RICHMOND announced a four-man leadership group yesterday, drawing on two players who arrived at the club as rookies, one plucked from the draft pool in his year at a lowly No. 55 and a fourth who was that year's best player.

Such is leadership and football, the method of arrival at a club is only a suggestion of value. The new captain, Chris Newman, was the club's pick 55. An unremarkable player in many ways — average height, build and speed — he was another honest type pressing his case in the game.

What elevated him and made him a remarkable player was his capacity to play the game, and play it in a manner that galvanises a team.

As coach Terry Wallace observed yesterday, Newman was named the new captain because he embodied what it was the club considered itself to be and how it wanted to be regarded and led. "We think Chris sets the example of how we want the game to be played at the Richmond footy club," Wallace said. "He is hard-nosed, has a strong approach, he will always put his head over the football (and) when it is pressure times in games you can always rely on Chris to do the right thing."

It is trite and somewhat disingenuous in the multimillion-dollar world of modern football to refer to the working-class origin of clubs and the roots it retains in its heritage, but doubtless Newman is a player referencing the club's history. He will wear Jack Dyer's number and while he is unlikely to wear quite the same opposition blood on his boots, he has already worn sufficient of his own.

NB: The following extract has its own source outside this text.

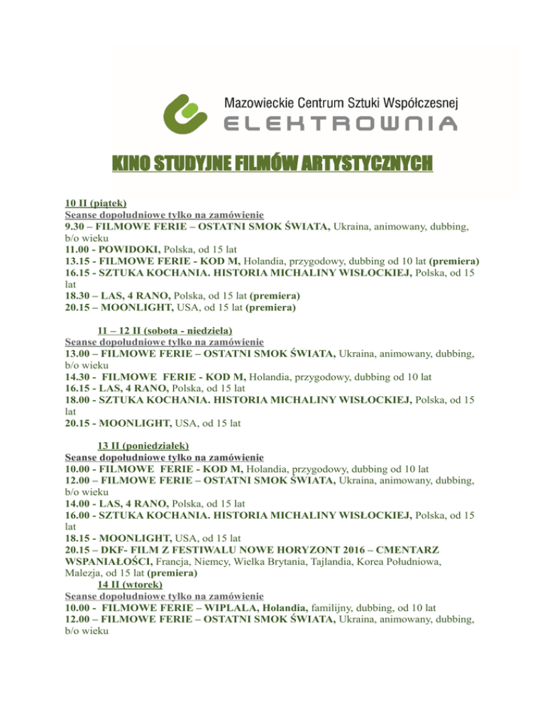 KINO STUDYJNE FILMÓW ARTYSTYCZNYCH 10 II (piątek) Seanse dopołudniowe tylko na zamówienie 9.30 – FILMOWE FERIE – OSTATNI SMOK ŚWIATA, Ukraina, animowany, dubbing, b/o wieku 11.00 - POWIDOKI, Polska, od 15 lat 13.15 - FILMOWE FERIE - KOD M, Holandia, przygodowy, dubbing od 10 lat (premiera) 16.15 - SZTUKA KOCHANIA. HISTORIA MICHALINY WISŁOCKIEJ, Polska, od 15 lat 18.30 – LAS, 4 RANO, Polska, od 15 lat (premiera) 20.15 – MOONLIGHT, USA, od 15 lat (premiera) 11 – 12 II (sobota - niedziela) Seanse dopołudniowe tylko na zamówienie 13.00 – FILMOWE FERIE – OSTATNI SMOK ŚWIATA, Ukraina, animowany, dubbing, b/o wieku 14.30 - FILMOWE FERIE - KOD M, Holandia, przygodowy, dubbing od 10 lat 16.15 - LAS, 4 RANO, Polska, od 15 lat 18.00 - SZTUKA KOCHANIA. HISTORIA MICHALINY WISŁOCKIEJ, Polska, od 15 lat 20.15 - MOONLIGHT, USA, od 15 lat 13 II (poniedziałek) Seanse dopołudniowe tylko na zamówienie 10.00 - FILMOWE FERIE - KOD M, Holandia, przygodowy, dubbing od 10 lat 12.00 – FILMOWE FERIE – OSTATNI SMOK ŚWIATA, Ukraina, animowany, dubbing, b/o wieku 14.00 - LAS, 4 RANO, Polska, od 15 lat 16.00 - SZTUKA KOCHANIA. HISTORIA MICHALINY WISŁOCKIEJ, Polska, od 15 lat 18.15 - MOONLIGHT, USA, od 15 lat 20.15 – DKF- FILM Z FESTIWALU NOWE HORYZONT 2016 – CMENTARZ WSPANIAŁOŚCI, Francja, Niemcy, Wielka Brytania, Tajlandia, Korea Południowa, Malezja, od 15 lat (premiera) 14 II (wtorek) Seanse dopołudniowe tylko na zamówienie 10.00 - FILMOWE FERIE – WIPLALA, Holandia, familijny, dubbing, od 10 lat 12.00 – FILMOWE FERIE – OSTATNI SMOK ŚWIATA, Ukraina, animowany, dubbing, b/o wieku 14.00 – LAS, 4 RANO, Polska, od 15 lat 15.45 - MOONLIGHT, USA, od 15 lat 18.00, 20.15 – SZTUKA KOCHANIA. HISTORIA MICHALINY WISŁOCKIEJ, Polska, od 15 lat 15 II (środa) Seanse dopołudniowe tylko na zamówienie 10.00 - FILMOWE FERIE - KOD M, Holandia, przygodowy, dubbing od 10 lat 12.00 - FILMOWE FERIE – OSTATNI SMOK ŚWIATA, Ukraina, animowany, dubbing, b/o wieku 14.00, 18.00 – SZTUKA KOCHANIA. HISTORIA MICHALINY WISŁOCKIEJ, Polska, od 15 lat 16.15 - LAS, 4 RANO, Polska, od 15 lat 20.15 - MOONLIGHT, USA, od 15 lat 16 II (czwartek) Seanse dopołudniowe tylko na zamówienie 10.00 - FILMOWE FERIE - KOD M, Holandia, przygodowy, dubbing od 10 lat (ostatni dzień) 12.00 - FILMOWE FERIE – OSTATNI SMOK ŚWIATA, Ukraina, animowany, dubbing, b/o wieku 14.00, 18.00 – SZTUKA KOCHANIA. HISTORIA MICHALINY WISŁOCKIEJ, Polska, od 15 lat 16.15 - MOONLIGHT, USA, od 15 lat 20.15 - LAS, 4 RANO, Polska, od 15 lat (ostatni dzień) Ceny biletów: - tani poniedziałek: 10 zł, wtorek - czwartek: 12 zł, piątek - niedziela: 15 zł - filmy dla dzieci: 12 zł Ceny karnetów: - karnety na trzy dowolnie wybrane filmy w ramach DKF, zakupione po 1 I 2017 ważne do 30 VI 2017 - 21 zł, karnet na jeden film - 10 zł - po okazaniu biletu z kina otrzymujesz promocję na zakup biletu na wystawę - karnety i zaproszenia są ważne po uprzedniej rejestracji w kasie kina - po zakupie biletu, kasa nie przyjmuje zwrotów - miejsca na widowni są nienumerowane Seanse dopołudniowe tylko na zamówienie. Seanse dopołudniowe tylko na zamówienie. Informacje pod nr tel. (48) 383 60 77, (48) 386 16 60, a także na stronie internetowej www.elektrownia.art.pl Opisy filmów: Premiery: LAS, 4 RANO, dramat, reż. Jan Jakub Kolski, Polska 2016 (97’) FORST jest zamożnym, dobrze zorganizowanym człowiekiem. Kiedy go poznajemy, wydaje się królem życia. Któregoś dnia porzuca korporację w której jest wiceprezesem. Zniszczenia jakie po sobie zostawia, nie dają nadziei na powrót. Las, 4 rano kilka lat później. Na wpół zdziczały dziad leśny; zarośnięty, brudny, w łachmanach – zakłada wnyki na zwierzęta. Rozpoznajemy; to ten sam człowiek – Forst. Mężczyzna mieszka w lesie, w wybudowanej przez siebie ziemiance. Za towarzystwo ma trójnogiego psa. Żywi się mięsem upolowanej zwierzyny, żyje w zgodzie z przyrodą. Któregoś dnia przed drzwiami jego samotni staje 13letnia dziewczynka JADZIA. Forst musi po raz kolejny zmieniać swoje życie… Źródło: Wrocławska Fundacja Filmowa MOONLIGHT, dramat, reż. Barry Jenkins, USA 2017 (111’) Obsypany nagrodami „Moonlight”, Kronika życia młodego Afroamerykanina Od dzieciństwa do dorosłości, to dzieło absolutnie wyjątkowe. Film stanowi zarazem ponadczasową opowieść o poszukiwaniu swego miejsca w świecie, jak i głęboko osobiste, poetyckie studium tożsamości, rasy, dojrzewania, męskości, rodziny, przyjaźni i miłości. Akcja filmu, bazującego na autentycznych wydarzeniach, rozgrywa się na przestrzeni dwóch dekad w dzielnicy nędzy w Miami. Bohatera w ciągu trzech faz życia odgrywa tercet utalentowanych aktorów – Alex Hibbert, Ashton Sanders oraz Trevante Rhodes. Chirona poznajemy jako zagubionego chłopca, którego z opresji ratuje lokalny diler. Następnie obserwujemy prześladowanego przez rówieśników nastolatka, zmagającego się z własną seksualnością, i wreszcie dorosłego czarnoskórego mężczyznę. Niezwykle empatyczna wizja Barry’ego Jenkinsa dotyka uniwersalnych prawd i momentów, które kształtują nasze życie i czynią nas tym, kim jesteśmy. Źródło: Solopan CMENTARZ WSPANIAŁOŚCI, dramat, fantasy, reż. Apichatpong Weerasethakul, Francja, Niemcy, Wielka Brytania, Tajlandia, Korea Południowa 2016 (122’) Fabuła filmu skupia się wokół dawnego budynku szkoły, w którym został utworzony szpital do opieki nad żołnierzami pogrążonymi w tajemniczej śpiączce. Jenjira, także mająca problemy ze zdrowiem, zgłasza się do placówki jako wolontariuszka. Jest szczególnie zainteresowana żołnierzem o imieniu Itt i to jemu poświęca najwięcej uwagi. Z czasem Jenjira zauważa, że nawiązuje z nim kontakt, a niedługo potem żołnierz odzyskuje świadomość. Prosta narracja skrywa wielowymiarową opowieść, niepoddającą się łatwym i jednoznacznym interpretacjom. Inspiracją dla tej historii mógł

Newman suffered a sickening broken leg in 2006, which at the time left him wondering if he would play again, let alone captain the side. "I've thought about that, and I would never have imagined it. If someone would have said at the start of my career eight years ago that I'd be captaining the Richmond Football Club, I probably would have laughed," Newman said.

"But as I said, it's a huge step, and it's a role that I'm not taking lightly."

He was chosen ahead of last year's vice-captain Nathan Foley, who was taken as a rookie by the Tigers after being on Melbourne's rookie list. Kelvin Moore, who was named along with Brett Deledio as the players to flesh out the Tigers' four-man leadership group, was also at Melbourne before being rookie-listed by the Tigers.